There have been several posts on HN about this. I have commented every time I have seen one because I think the above quote is true. I also think it is one, of several, reasons things are going the way they are.
Many of my friends, coworkers, and relatives have fallen into the trap of being bored to death. They fill up their time with worthless empty "calories" of media consumption, ethanol, and doom scrolling. Almost all of them are unhappy. I think it is widespread to be like this.
But the problem is solvable.
There is no person, no person too busy, too tired, too poor, too disabled, too shy, too anything, who cannot find the time to do something that provides value to their life. They just have to, and this is the part that makes people mad, put down their phone and turn off the TV.
In every zip code in the entire United States of America, there is some group of people, somewhere, that is looking for someone to join them-- unless it is an isolated patch of remote wilderness where food and fuel need to be airlifted in or a remote island separated from the mainland by thousands of miles of sea there IS something.
You just have to get out, find them, and join them.
The last time something like this popped up I do what I usually do and listed non-work, non-social media things to do within an hour of my deceased grandparents' farm in central Southern Indiana. That's my benchmark-- if there are things to do here there are things to do everywhere because it is about as far from "the big city" you can get absent stretches of western desert or alaskan tundra.
Some quick searches found rod and gun clubs, knitting circles, small rural libraries with 3d printers going idle and anime clubs, three (yes, three) astronomy clubs, amateur radio clubs, gardening clubs, volunteer fire companies (who always, everywhere, need members), civic societies, book clubs, and even a small community performing arts center with a banging schedule of shows whose website was practically begging for people to come join them to be stage crew, performers, and set builders. Rural, barely-covered-by-a-cell-signal, southern Indiana, and those are just the things I found with online calendars full of events.

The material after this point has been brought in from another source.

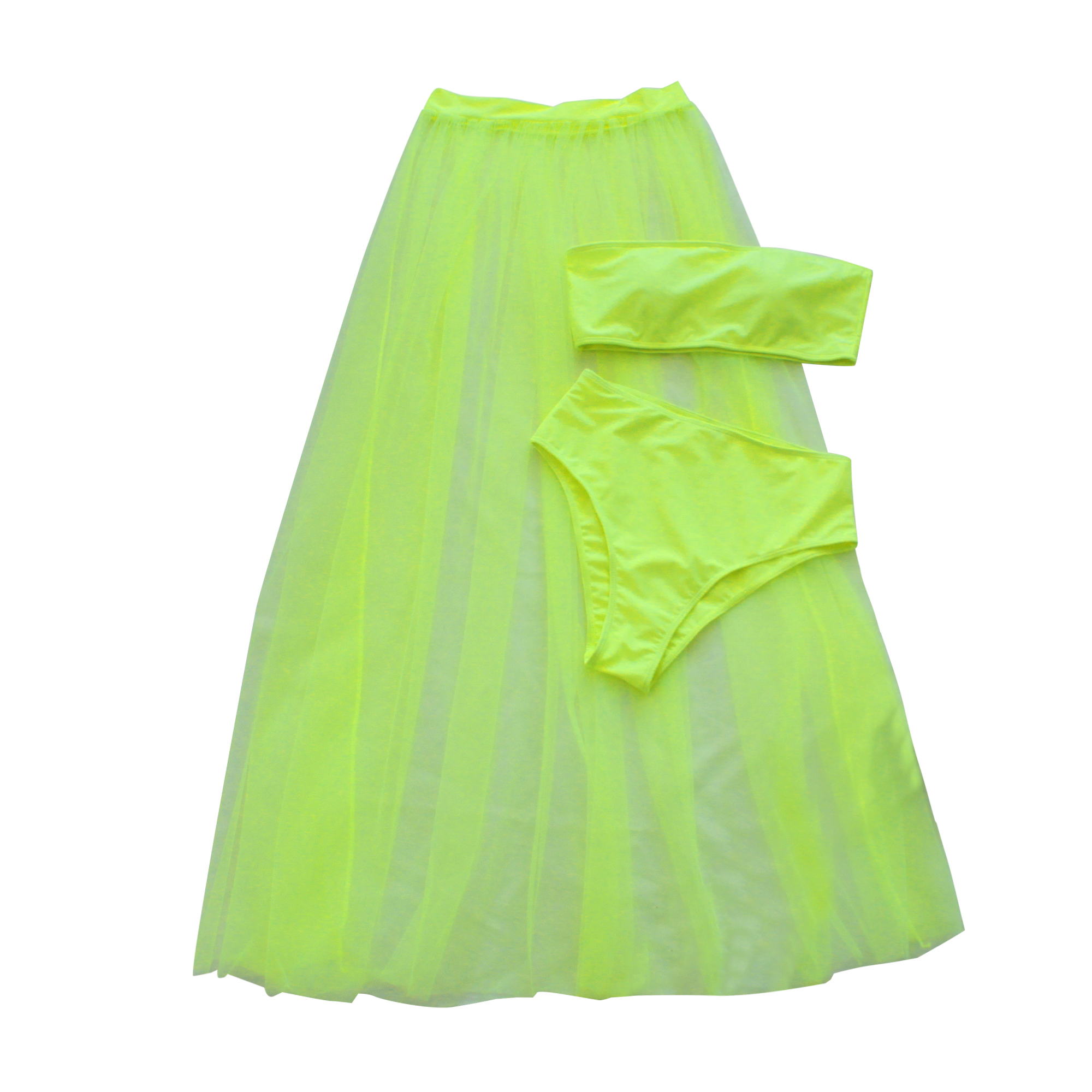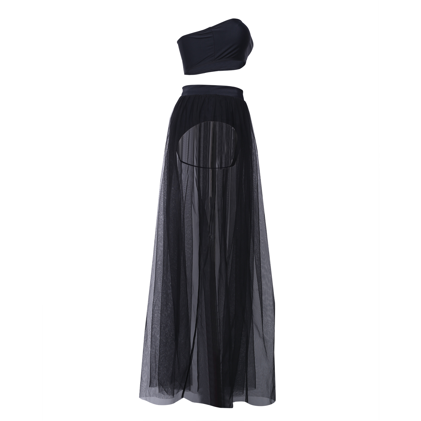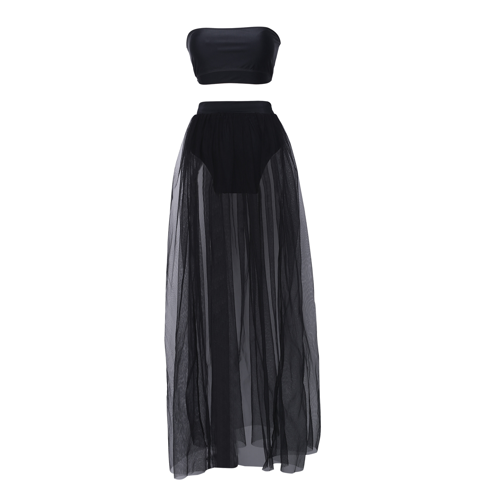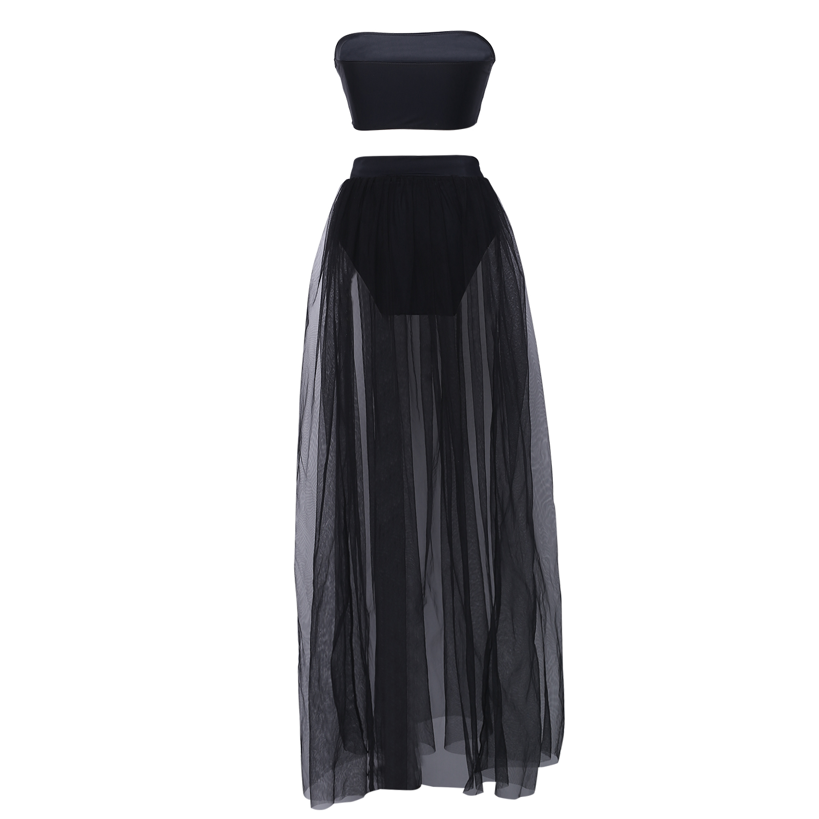 Женские сексуальные наборы купальников, Топы без бретелек бандо + плавки + сетчатая юбка в складку

Being active in one's community outside of work, and deriving meaning not from work but your personal accomplishments and activities is a skill-- but it is a learnable skill.
I think it's certainly true that as an individual there are things you can do to be more actively socializing. But the fact that we are seeing such absolutely widespread changes in the populations behavior means it's not just some people being lazy, but that we have actually changed the environment for the worse.
Much of the world is currently looking at banning social media for kids. But I'm staring to feel it's almost just as bad for adults as well.
Well said. Even just getting a book and taking it to a beach or park or library or coffee shop is so much more fulfilling than doomscrolling or watching YouTube or whatever. Getting out of the house is the first and most crucial step to living a more interesting life.
There are absolutely people who are too busy to do something that feels meaningful to them.
But that one is ancient: that has been the case for most people through history. I actually find it hard to put myself in the place of the overwhelming set of people whose lives were solitary, poor, nasty, brutish, and short. Even the most harried single parent today is not more overwhelmed than they were.
I suspect that there is a difference in that it's no longer most people. Most people can find at least some time to be fulfilled -- and it would be awfully nice if we could devote some of that to fulfilling those who are working 80 hours a week while raising children. Unlike the poor peasant, we have plenty to go around now.
How do you square your belief in the opening premise with the results of your research into clubs and "things to do" that seems to completely contradict it?
The varieties of person are as varied as the total number of people so there will always be those who seek those things out, but if you look at the trends for clubs and organizations you will often see that participation and membership is declining.
The medium has been the on the front of culture wars as far as the 80s. I would certainly not count on it as something to take a break from current politics as the others OP have listed. Now, if the club is about making actual animation, as oppose to discuss / critics some shows, it would be a different story. But most anime clubs aren't about that.
My local beach volleyball club called parks and rec and asked for a net on the beach and parks said “sure no problem, then promptly provided it” then also provided a rake and bucket to clean the courts and a key to a nearby storage locker. It’s not hard at all. You just have to stop lying to yourself.
Congratulations on being lucky enough to not be afflicted by a bad enough mental health disorder! All you have to do is to "get out there and do stuff" to achieve fulfillment.
Maybe you'll consider not projecting your experience onto the many others who are literally unable, even though they are equipped with the same number of functioning hands and feet as you do, and don't seem disabled by mere appearance.
> They fill up their time with worthless empty "calories" of media consumption, ethanol, and doom scrolling.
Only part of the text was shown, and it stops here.